- **GIVEN DATA**
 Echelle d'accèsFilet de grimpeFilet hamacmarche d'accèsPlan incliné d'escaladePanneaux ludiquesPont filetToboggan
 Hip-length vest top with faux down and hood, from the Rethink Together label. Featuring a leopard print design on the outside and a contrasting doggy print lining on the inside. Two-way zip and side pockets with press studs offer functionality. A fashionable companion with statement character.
...
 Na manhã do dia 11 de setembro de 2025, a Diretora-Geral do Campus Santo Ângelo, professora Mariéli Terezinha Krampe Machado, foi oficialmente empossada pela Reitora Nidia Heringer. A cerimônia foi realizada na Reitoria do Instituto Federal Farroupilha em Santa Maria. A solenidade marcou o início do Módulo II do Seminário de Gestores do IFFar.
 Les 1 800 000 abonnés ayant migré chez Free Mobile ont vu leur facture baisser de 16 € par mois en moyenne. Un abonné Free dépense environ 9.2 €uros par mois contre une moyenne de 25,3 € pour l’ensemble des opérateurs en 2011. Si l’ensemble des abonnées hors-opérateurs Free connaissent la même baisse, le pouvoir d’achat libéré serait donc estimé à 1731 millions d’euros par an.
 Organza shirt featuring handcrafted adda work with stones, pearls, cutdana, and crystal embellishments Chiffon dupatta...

- **YOUR TASK**
Provide only the number of lines from the material above that include the word "with".

- **ANSWER FOR THE TASK**
2